• [Exercise instructions]: Would you print the lines below exactly, beginning at the line that has "- Diamond:0.05CT 3PC;Pink" and stopping after the line that has "Vintage cottage style"? Only those lines, and no pictures.

• [Exercise input]:
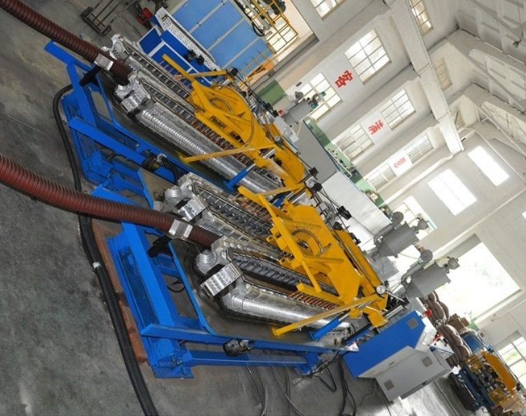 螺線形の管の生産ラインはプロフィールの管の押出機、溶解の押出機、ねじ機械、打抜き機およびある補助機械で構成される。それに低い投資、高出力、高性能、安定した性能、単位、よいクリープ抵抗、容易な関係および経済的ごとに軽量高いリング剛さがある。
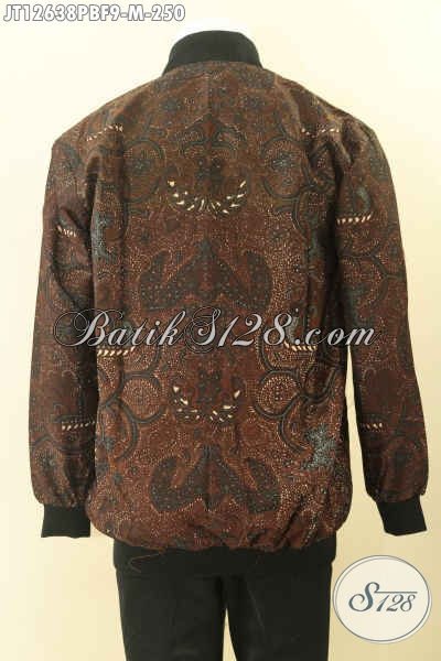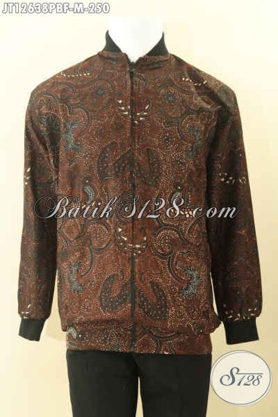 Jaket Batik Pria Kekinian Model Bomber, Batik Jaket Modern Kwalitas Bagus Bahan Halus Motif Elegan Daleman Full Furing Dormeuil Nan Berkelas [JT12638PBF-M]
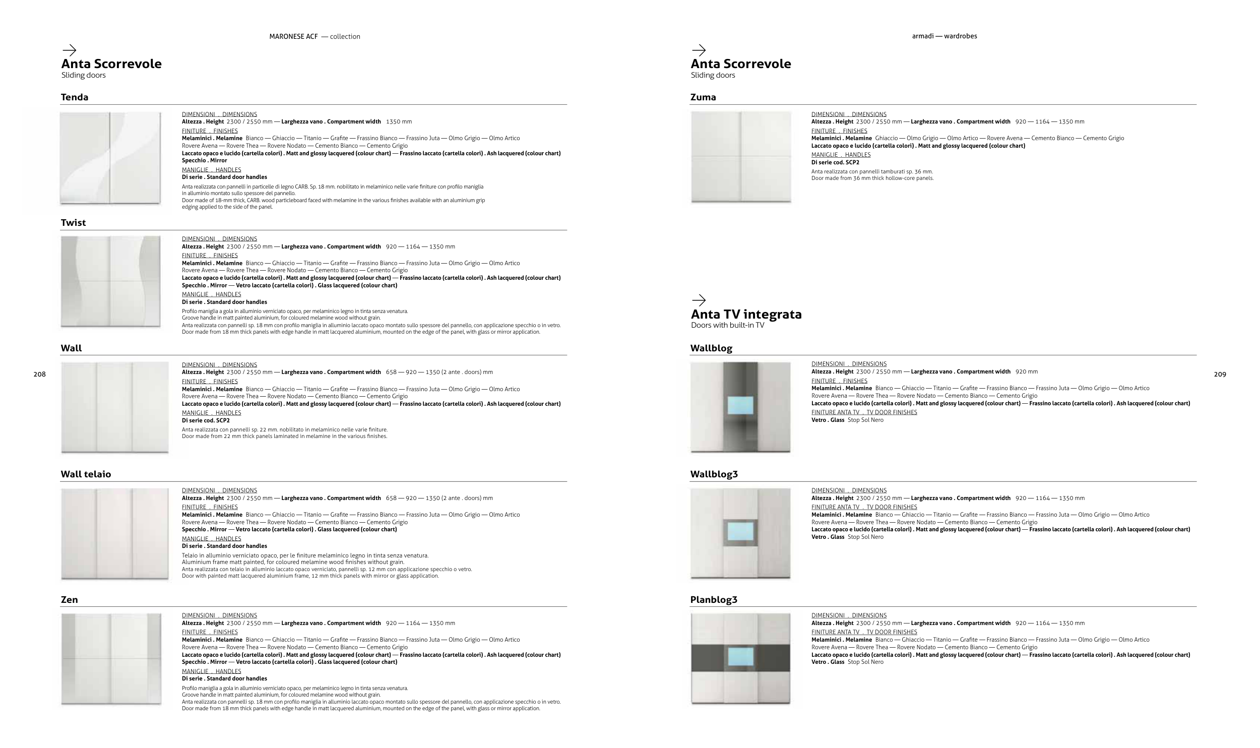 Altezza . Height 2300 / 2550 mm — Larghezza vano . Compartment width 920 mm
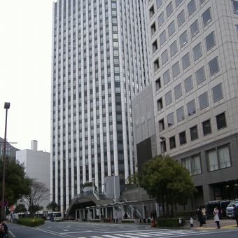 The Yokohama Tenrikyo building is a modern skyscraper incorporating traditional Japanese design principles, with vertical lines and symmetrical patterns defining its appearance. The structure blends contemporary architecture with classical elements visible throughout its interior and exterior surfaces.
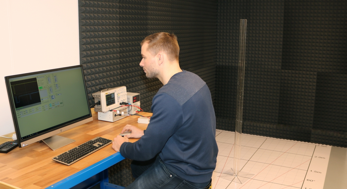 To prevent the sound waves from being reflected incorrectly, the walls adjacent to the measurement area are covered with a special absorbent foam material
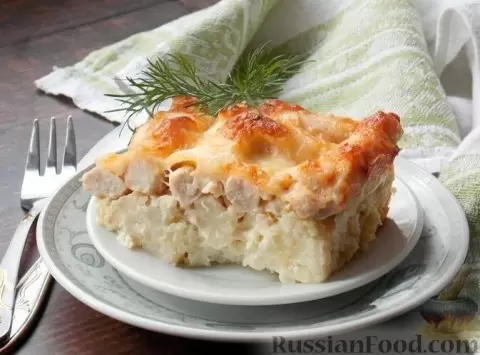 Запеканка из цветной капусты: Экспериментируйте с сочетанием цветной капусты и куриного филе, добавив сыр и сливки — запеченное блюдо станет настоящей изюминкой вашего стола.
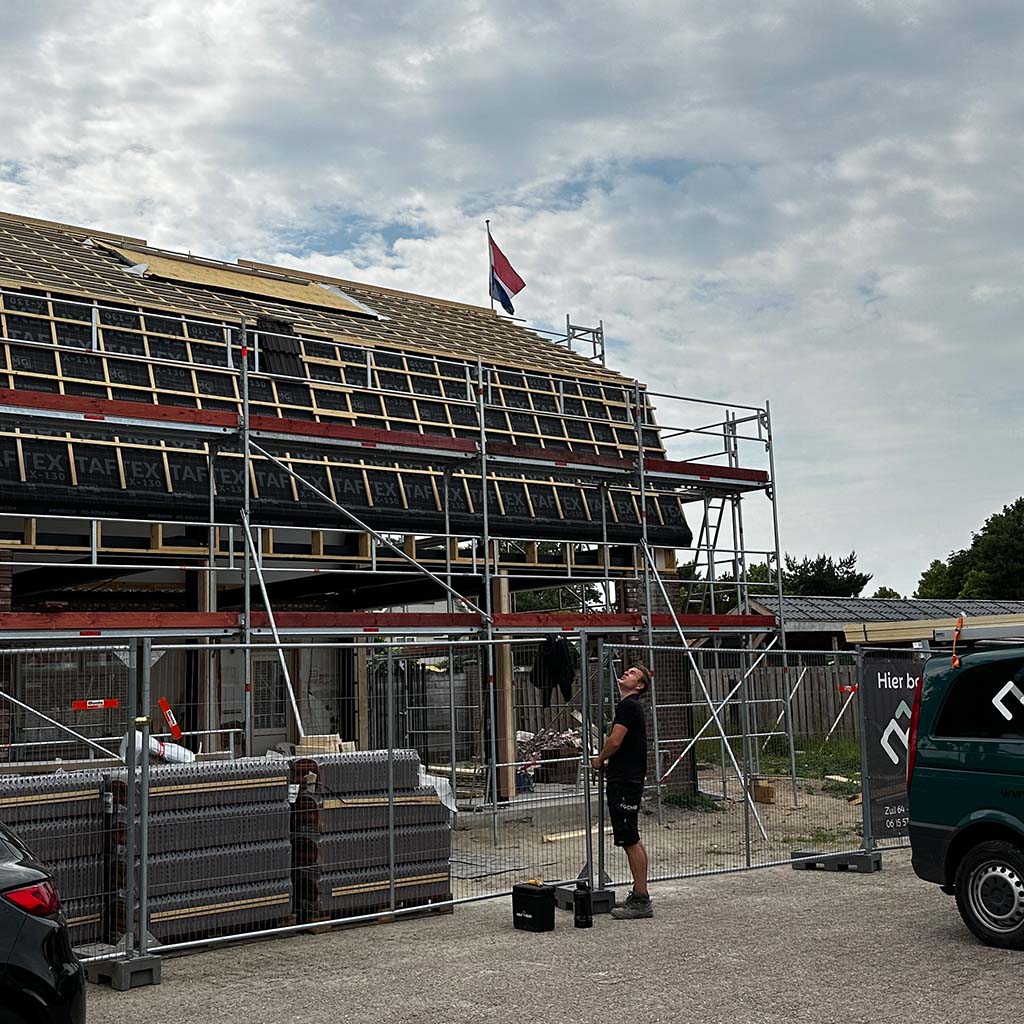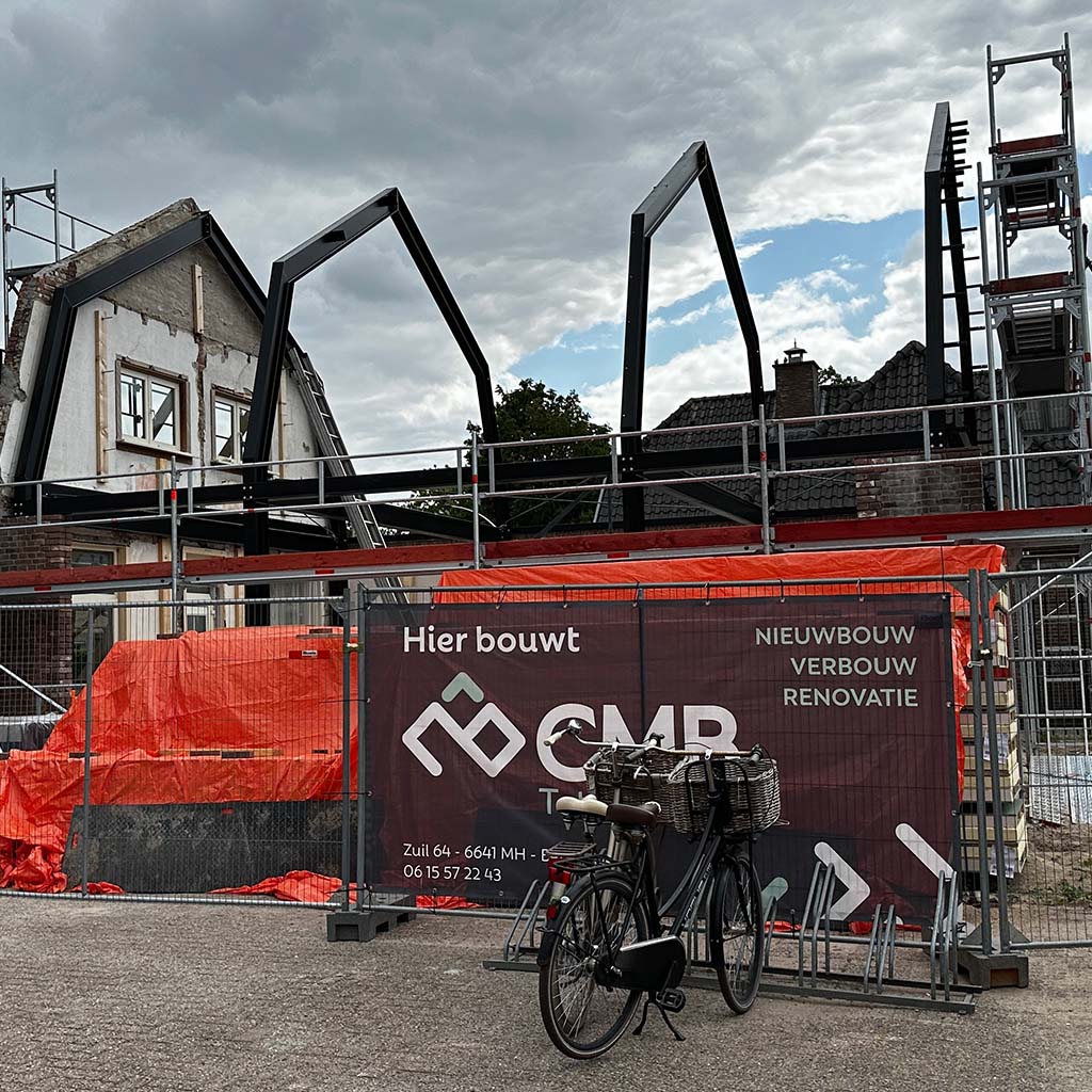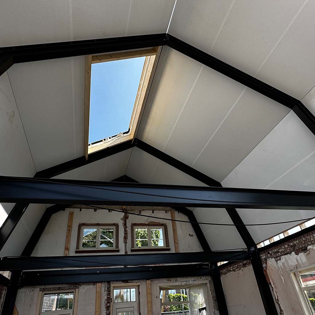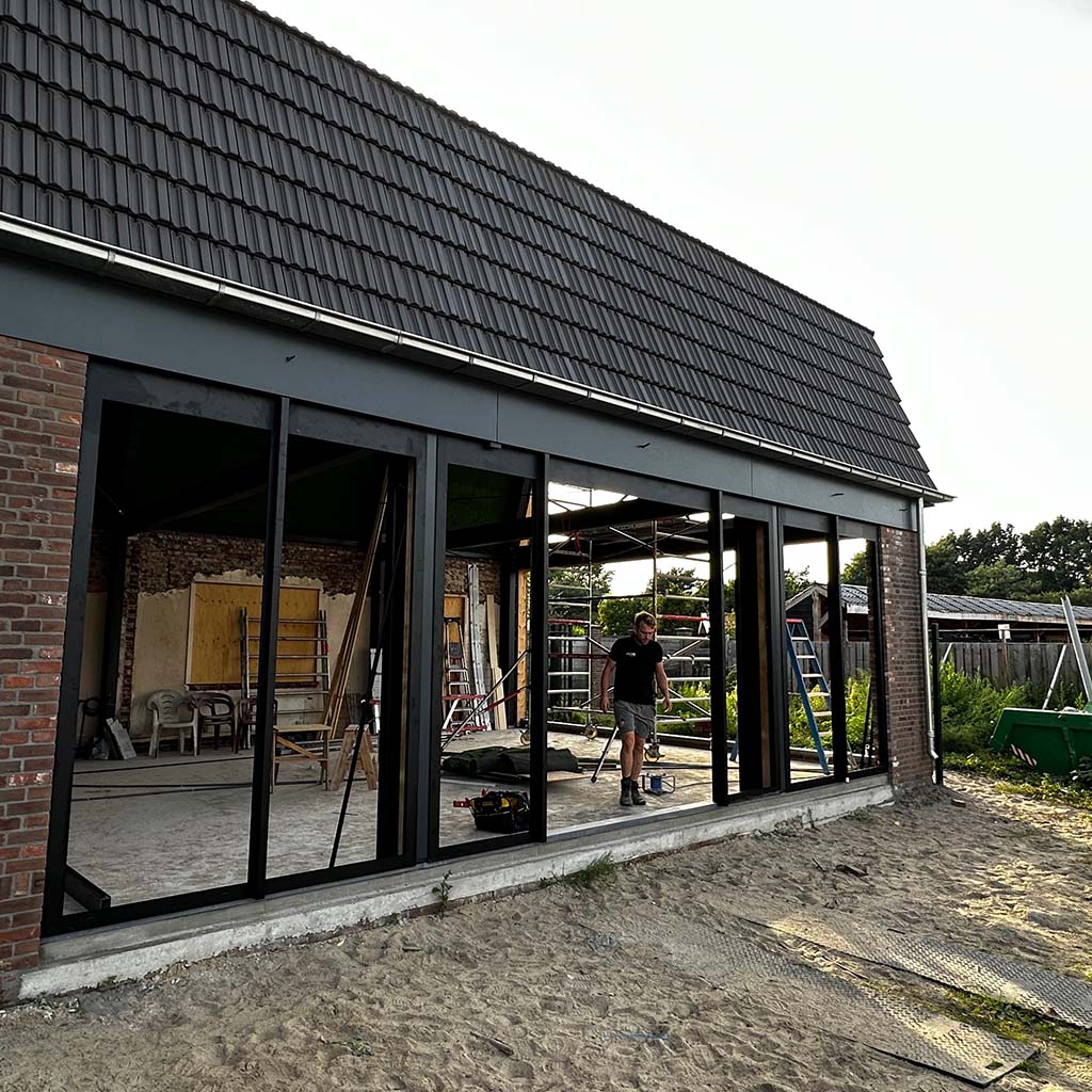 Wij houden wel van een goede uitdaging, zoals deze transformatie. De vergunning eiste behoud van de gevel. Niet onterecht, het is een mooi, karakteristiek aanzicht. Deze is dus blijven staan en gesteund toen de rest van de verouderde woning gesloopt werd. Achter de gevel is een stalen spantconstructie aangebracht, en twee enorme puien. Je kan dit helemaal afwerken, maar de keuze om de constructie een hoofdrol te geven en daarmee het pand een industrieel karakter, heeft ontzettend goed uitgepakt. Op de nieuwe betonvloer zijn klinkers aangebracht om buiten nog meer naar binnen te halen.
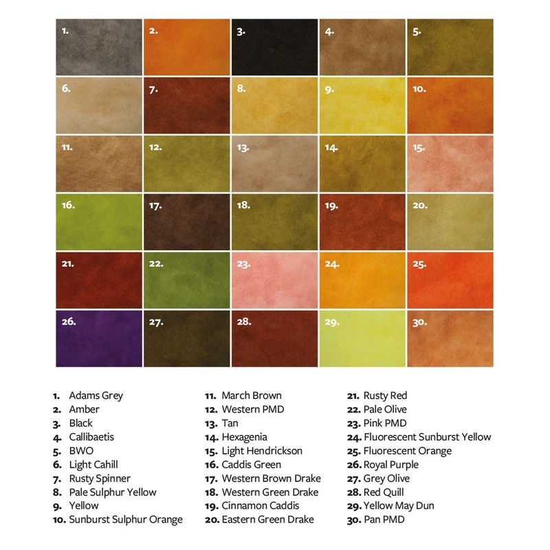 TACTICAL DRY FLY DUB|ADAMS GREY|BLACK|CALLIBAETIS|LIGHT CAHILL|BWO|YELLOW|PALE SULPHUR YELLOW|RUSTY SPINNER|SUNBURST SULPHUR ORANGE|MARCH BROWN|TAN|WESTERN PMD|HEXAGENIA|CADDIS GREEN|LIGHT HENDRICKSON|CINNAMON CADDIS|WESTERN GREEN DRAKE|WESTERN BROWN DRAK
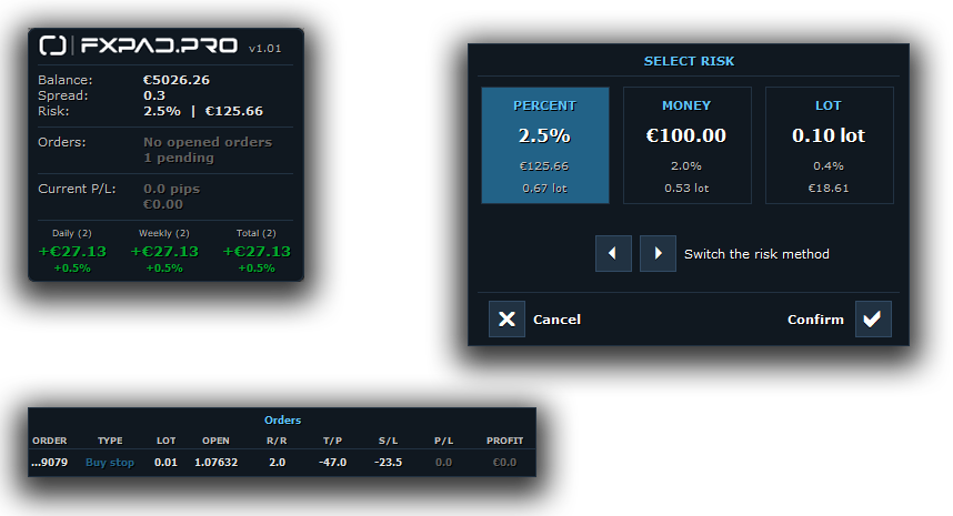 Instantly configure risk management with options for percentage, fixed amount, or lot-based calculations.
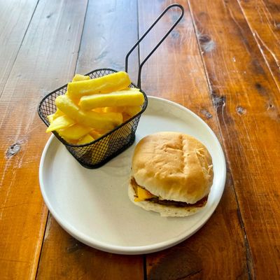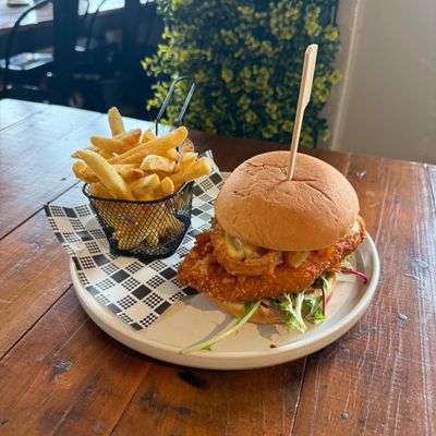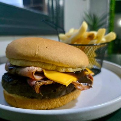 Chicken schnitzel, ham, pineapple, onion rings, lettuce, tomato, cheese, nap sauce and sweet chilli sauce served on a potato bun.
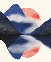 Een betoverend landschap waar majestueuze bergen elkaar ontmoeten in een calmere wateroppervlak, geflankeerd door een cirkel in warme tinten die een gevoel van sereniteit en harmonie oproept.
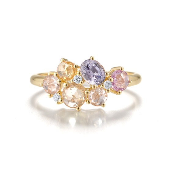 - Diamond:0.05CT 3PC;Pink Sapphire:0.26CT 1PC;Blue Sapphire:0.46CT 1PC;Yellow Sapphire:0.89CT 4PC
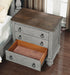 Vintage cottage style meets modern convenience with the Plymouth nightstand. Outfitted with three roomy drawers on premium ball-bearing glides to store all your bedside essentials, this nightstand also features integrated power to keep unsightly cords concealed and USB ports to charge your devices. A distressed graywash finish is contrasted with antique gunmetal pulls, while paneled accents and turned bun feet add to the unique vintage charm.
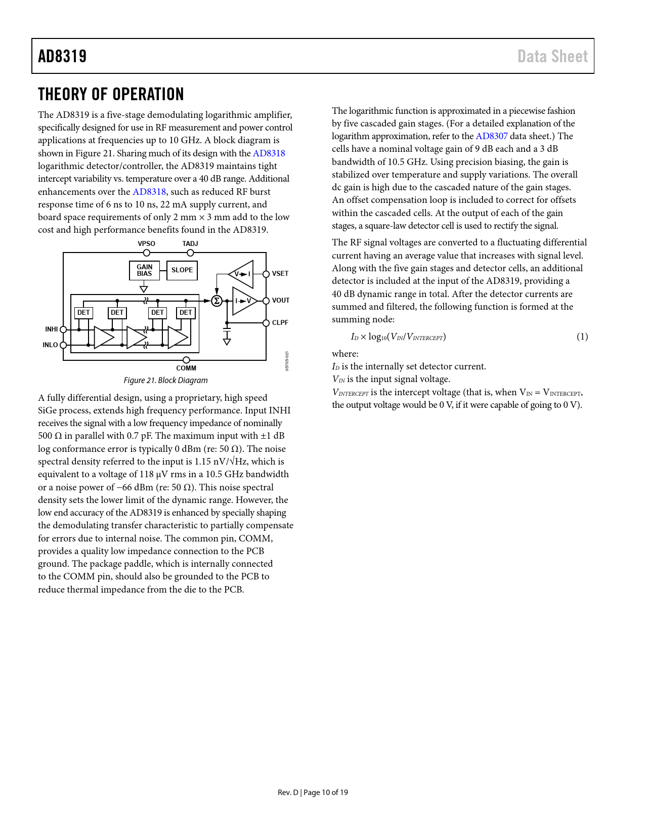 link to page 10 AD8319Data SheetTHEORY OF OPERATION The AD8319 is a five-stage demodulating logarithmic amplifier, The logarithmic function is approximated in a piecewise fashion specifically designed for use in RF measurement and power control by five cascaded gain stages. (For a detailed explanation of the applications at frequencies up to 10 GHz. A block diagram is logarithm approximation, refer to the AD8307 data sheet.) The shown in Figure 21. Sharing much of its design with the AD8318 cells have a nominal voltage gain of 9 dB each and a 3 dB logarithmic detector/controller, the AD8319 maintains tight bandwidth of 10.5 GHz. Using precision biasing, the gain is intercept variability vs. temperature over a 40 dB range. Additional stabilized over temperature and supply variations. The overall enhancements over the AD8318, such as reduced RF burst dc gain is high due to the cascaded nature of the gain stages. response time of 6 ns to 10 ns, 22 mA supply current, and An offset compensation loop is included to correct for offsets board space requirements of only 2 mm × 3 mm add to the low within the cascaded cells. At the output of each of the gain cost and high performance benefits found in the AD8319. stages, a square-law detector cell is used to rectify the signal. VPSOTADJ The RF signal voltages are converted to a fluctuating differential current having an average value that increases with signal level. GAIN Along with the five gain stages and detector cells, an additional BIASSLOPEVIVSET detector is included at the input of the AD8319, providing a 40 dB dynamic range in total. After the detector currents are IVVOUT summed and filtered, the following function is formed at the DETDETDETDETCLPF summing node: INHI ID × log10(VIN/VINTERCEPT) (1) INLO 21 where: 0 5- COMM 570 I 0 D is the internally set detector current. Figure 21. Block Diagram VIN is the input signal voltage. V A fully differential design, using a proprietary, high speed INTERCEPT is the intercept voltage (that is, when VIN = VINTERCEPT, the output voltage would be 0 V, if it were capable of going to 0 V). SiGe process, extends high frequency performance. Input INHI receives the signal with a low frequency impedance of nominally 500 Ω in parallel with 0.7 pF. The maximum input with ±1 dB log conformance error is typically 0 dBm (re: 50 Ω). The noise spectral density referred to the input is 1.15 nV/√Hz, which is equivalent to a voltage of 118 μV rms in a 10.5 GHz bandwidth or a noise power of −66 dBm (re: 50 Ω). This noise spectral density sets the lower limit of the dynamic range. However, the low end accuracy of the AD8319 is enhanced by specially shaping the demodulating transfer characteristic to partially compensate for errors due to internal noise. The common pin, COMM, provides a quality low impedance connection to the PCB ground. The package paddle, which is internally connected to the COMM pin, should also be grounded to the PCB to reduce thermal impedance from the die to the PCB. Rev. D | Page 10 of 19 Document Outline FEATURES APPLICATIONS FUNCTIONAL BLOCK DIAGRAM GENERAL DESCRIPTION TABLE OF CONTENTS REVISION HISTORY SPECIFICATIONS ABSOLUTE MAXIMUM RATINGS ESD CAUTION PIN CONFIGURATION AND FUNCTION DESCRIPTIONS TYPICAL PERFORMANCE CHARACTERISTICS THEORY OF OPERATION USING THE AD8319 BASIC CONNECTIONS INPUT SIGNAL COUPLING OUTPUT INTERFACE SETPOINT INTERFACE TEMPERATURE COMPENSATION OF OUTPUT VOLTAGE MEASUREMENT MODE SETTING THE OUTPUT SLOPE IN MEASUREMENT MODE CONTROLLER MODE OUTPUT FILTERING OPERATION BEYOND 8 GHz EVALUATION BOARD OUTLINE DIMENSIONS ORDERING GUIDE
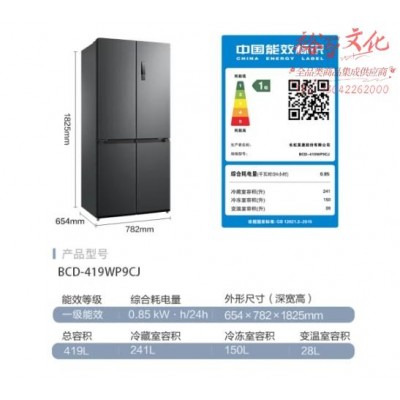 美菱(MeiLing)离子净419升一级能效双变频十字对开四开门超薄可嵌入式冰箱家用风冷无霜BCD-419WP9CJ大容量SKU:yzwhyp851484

• [Response box]:
 - Diamond:0.05CT 3PC;Pink Sapphire:0.26CT 1PC;Blue Sapphire:0.46CT 1PC;Yellow Sapphire:0.89CT 4PC
 Vintage cottage style meets modern convenience with the Plymouth nightstand. Outfitted with three roomy drawers on premium ball-bearing glides to store all your bedside essentials, this nightstand also features integrated power to keep unsightly cords concealed and USB ports to charge your devices. A distressed graywash finish is contrasted with antique gunmetal pulls, while paneled accents and turned bun feet add to the unique vintage charm.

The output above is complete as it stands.